Разговор получился интересный. Райни говорил мало – в основном слушал, а если и спрашивал о чем-то или строил предположения – то так, чтобы не поняла Лиз. И минут через пять он отключился в состоянии полной задумчивости.
Агнесса Кертнер была по уши в долгах. В кредит у нее было куплено все. Машина (мерседес Е500), апартаменты (240 м в центре Зальцбурга), несколько поездок (Сейшелы, Ямайка, Ницца, Гоа), но не только это - в нескольких крупных универмагах у нее были открыты кредитные линии, примерно на 8-10 тысяч евро в месяц каждая. И все эти линии были выкуплены. Кроме того, Карин была адресатом и плательщиком по ежемесячным платежным ведомостям работников, которые составляли штат обслуги фрау Агнессы. Шофер, горничная, повар, садовник… По этим ведомостям не было долгов, но и баланс был нулевой. В текущем месяце – марте, почти половина которого уже истекла, - фрау Агнессе нечем будет эти ведомости закрывать, не говоря уже об апреле, мае и так далее.

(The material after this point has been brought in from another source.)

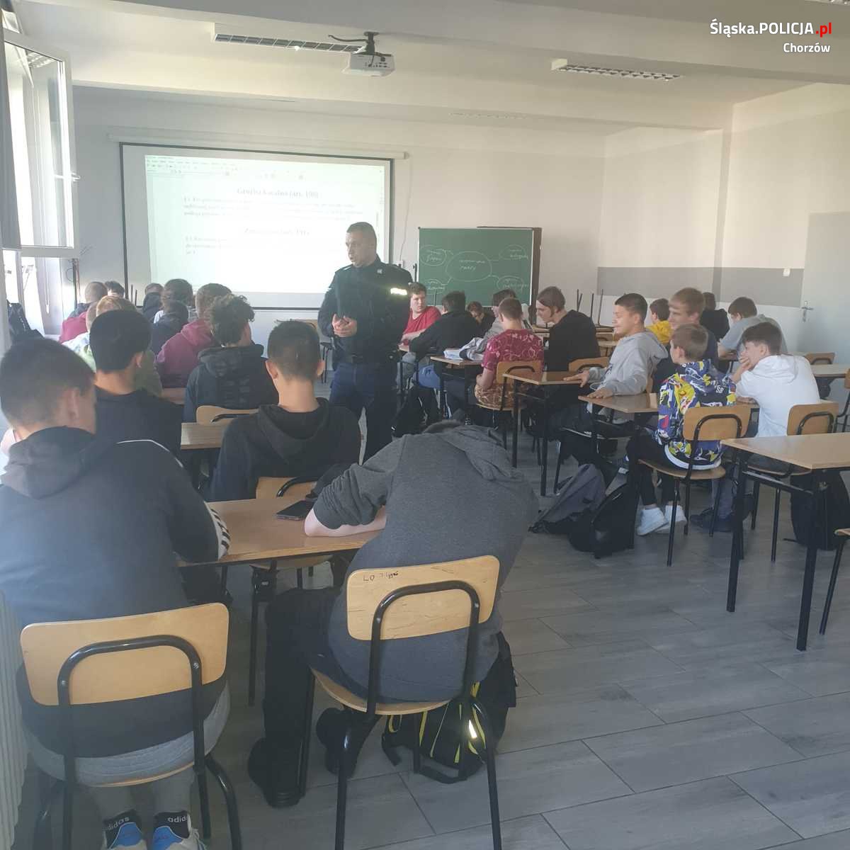 Chorzowscy policjanci zajmujący się działaniami w zakresie profilaktyki społecznej przeprowadzili niezwykłe zajęcia dla młodzieży z Zespołu Szkół Technicznych nr 1 w Chorzowie. Ich celem było przybliżenie uczniom pojęcia „Handlu Ludźmi”, charakterystyki tego zjawiska, wskazanie grup ryzyka, formy wykorzystania, sposobu działania sprawców takich przestępstw. Zwrócono również uwagę na uprawnienia ofiar Handlu Ludźmi. Policjanci przedstawili dodatkowo zagrożenia związane z przestępstwami w cyberprzestępczości oraz czynów określanych jako „Mowa nienawiści”. Zwrócono również uwagę na zagrożenia związane z przestępczością narkotykową. Spotkanie z młodzieżą miało na celu pogłębienie wiedzy w prezentowanym zakresie, zmianę wyobrażenia młodzieży w kwestii wymienionych zagrożeń, sposobu unikania sytuacji niebezpiecznych. Na zakończenie policjanci przedstawili charakter pracy policjanta oraz funkcjonowania Policji w Polsce. Zajęcia cieszyły się ogromnym zainteresowaniem, a młodzież zadawała policjantom szereg pytań. Spotkanie edukacyjne było okazją do promowania służby w Policji i zachęcania młodych ludzi do wyboru tego zawodu.

Поручителем каждого кредита являлась дочь Агнессы – Габриэла Карина Кертнер. Общая сумма чистых задолженностей фрау Агнессы составляла 1 миллион 819 тысяч 772 евро, без учета процентов и пеней. Доход фрау Агнессы составлял 3411 евро в месяц. Было понятно, что после смерти поручителя Агнесса не имела иного выхода, кроме как или закрыть свои кредитные обязательства своей частью наследства, которая не составляла и 15% от общей стоимости ее задолженностей, или объявить себя банкротом, что должно было привести к изъятию у нее вещей, которые не были оплачены, с целью их последующей реализации. Или закрыть их с помощью наследства своей внучки Элизабет Фредерики, но это могло быть сделано только при условии получении опеки над девочкой. Почему же Карин была так скупа, что брала для матери все эти вещи в кредит, а не за наличные? Впрочем, Райни, который имел понятие о разнице между стоимостью живых денег и виртуальных денег, не только понимал причину, но и сам предпочитал поступать так же. Имея миллион евро, выгоднее взять дом в ипотеку, а миллион вложить в ценные венчурные бумаги, и с дохода платить не только проценты, но и обеспечивать свой доход, чем ухнуть сразу всю сумму в недвижимость и не иметь долгов, но не иметь и дохода. Тут он мог понять Карин. Но в этой ситуации ее расчетливость обернулась боком для ее матери, которая с удовольствием пользовалась безграничными возможностями дочери, но… только пока та была жива и подписывала счета. Теперь же ее благосостояние оказалось полностью в руках несовершеннолетней Элизабет Фредерики… а точнее – ее опекуна Райнхардта Эртли.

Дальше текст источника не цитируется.